For most of my life, I was a bigger supporter of the U.S. Republicans than of my own party, the British Conservatives. The two parties were similar in many ways, but Tories had a weakness for hierarchy, deference, and tradition, while Republicans struck me as radicals and individualists, heirs to Tom Paine rather than Edmund Burke.
Former President Donald Trump was painfully at odds with the philosophy of the GOP — a party to which he had come late and opportunistically. Where his predecessors had sought to limit government, he liked to mobilize the full resources of the state against people who crossed him.
There was something unmanly about the way his erstwhile conservative critics rushed to abase themselves before him, abandoning their previous convictions and raging at the handful of Reaganite commentators who stuck to theirs. I continue to believe that, had the Republicans seized any of their numerous opportunities to ditch the Donald and replace him with former Vice President Mike Pence, they would now hold both Congress and the White House.
But I never gave up on the party itself. When I spoke privately to its leading figures, including several who in public went along with Trump’s most boorish, cowardly, and self-centered pronouncements, I was reassured that they were still republican in the basic sense of recognizing that the republic is bigger than the people running it.
Now, I’m starting to wonder. Their response to the FBI raid on Mar-a-Lago makes me doubt whether the party is still in any sense constitutionalist. Rallying to the defense of their caudillo, congressmen, Fox News anchors and talk show hosts are calling for the FBI to be defunded or disbanded. Conservative agitators strive to outdo one another in their outrage — without, as far as I can tell, expressing any curiosity about whether Trump has in fact broken the law.
By the time you read these words, you will probably know more about the FBI raid than I do. Maybe it has to do with the tawdry events of Jan. 6. Maybe the warrant was issued for a small thing in the hope of turning up a bigger one. Maybe the bureau has screwed up completely — heaven knows it wouldn’t be the first time.
One thing, though, should be beyond dispute. The same rules should apply to Trump as to any other American. Former presidents do not have a special status in law. Yet Republicans at every level seem affronted at the idea of searching the house of a private citizen.
Yes, federal agencies can be biased. The IRS ended up having to apologize to the conservative organizations it has subjected to “heightened scrutiny and inordinate delays” during the Obama years. But there is no evidence that the FBI has gone rogue.

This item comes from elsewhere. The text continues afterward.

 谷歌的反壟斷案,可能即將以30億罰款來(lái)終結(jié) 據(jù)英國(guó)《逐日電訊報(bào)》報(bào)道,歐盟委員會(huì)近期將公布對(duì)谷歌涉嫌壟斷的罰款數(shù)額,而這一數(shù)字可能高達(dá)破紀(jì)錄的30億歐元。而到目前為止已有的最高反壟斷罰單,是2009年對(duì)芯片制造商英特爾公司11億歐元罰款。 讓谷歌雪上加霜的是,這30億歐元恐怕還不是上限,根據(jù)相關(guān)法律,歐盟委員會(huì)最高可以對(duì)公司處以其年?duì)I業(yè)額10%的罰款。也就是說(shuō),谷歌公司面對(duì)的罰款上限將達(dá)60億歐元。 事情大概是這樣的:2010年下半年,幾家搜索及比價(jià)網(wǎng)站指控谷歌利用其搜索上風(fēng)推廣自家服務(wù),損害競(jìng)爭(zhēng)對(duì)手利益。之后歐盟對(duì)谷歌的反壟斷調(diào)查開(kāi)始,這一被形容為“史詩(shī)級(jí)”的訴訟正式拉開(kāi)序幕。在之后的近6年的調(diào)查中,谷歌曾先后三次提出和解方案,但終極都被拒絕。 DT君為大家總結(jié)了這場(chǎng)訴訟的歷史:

The issuing of a warrant is no small thing. Let me quote the Fourth Amendment (sorry to be forever citing your Constitution, but it’s a bloody good document that I wish Americans would cite more often).
“No Warrants shall issue, but upon probable cause, supported by Oath or affirmation, and particularly describing the place to be searched, and the persons or things to be seized.”

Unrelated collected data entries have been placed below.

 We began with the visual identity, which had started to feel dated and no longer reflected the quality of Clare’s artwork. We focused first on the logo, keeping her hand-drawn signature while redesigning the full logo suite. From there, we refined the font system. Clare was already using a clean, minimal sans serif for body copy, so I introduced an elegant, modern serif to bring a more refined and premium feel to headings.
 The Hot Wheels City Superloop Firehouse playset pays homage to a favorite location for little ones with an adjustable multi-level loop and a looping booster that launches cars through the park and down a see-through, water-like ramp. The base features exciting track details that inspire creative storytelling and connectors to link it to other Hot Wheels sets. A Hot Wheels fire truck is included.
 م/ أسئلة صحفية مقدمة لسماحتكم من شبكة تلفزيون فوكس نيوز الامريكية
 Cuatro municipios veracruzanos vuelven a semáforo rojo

If, though, the FBI has not screwed up, if Trump has in fact broken the law, then surely he should be treated like any other criminal. That’s what living in a free republic means.
Listen, though, to how quickly Republicans have dropped their pro-law and order views.
Here is Rep. Paul Gosar (R-AZ) during the Black Lives Matter and antifa riots of 2020: “I unequivocally #BackTheBlue and will oppose any bill, resolution, or movement that calls to ‘defund the police.’”
Here he is today: “I will support a complete dismantling and elimination of the democrat brown shirts known as the FBI.”
Here is Rep. Jeff Duncan (R-SC) then: “It’s a sad and scary day in America when we have citizens calling to defund and dismantle the police.”
And here he is now: “The FBI has proven time and again that it is corrupt to the core. At what point do we abolish the Bureau and start over?”
Here — you knew it was coming — is the egregious Rep. Marjorie Taylor Greene (R-GA) last year: “Crime is exploding in Democrat-run cities. … This is 100% the result of their left-wing policies of defunding the police, backing BLM / ANTIFA, destroying families, and coddling of criminals! “
And here she is now: “DEFUND THE FBI!”
There was a time when journalists would ask whether Trump’s latest outrage would finally push Republicans away from him — mocking the late Sen. John McCain’s military record, lying about his tax return, insulting the family of a fallen U.S. serviceman, refusing to accept an election result. This time, no one is asking. Donald Trump has not changed. But he has changed his party — malignly and, it seems, permanently.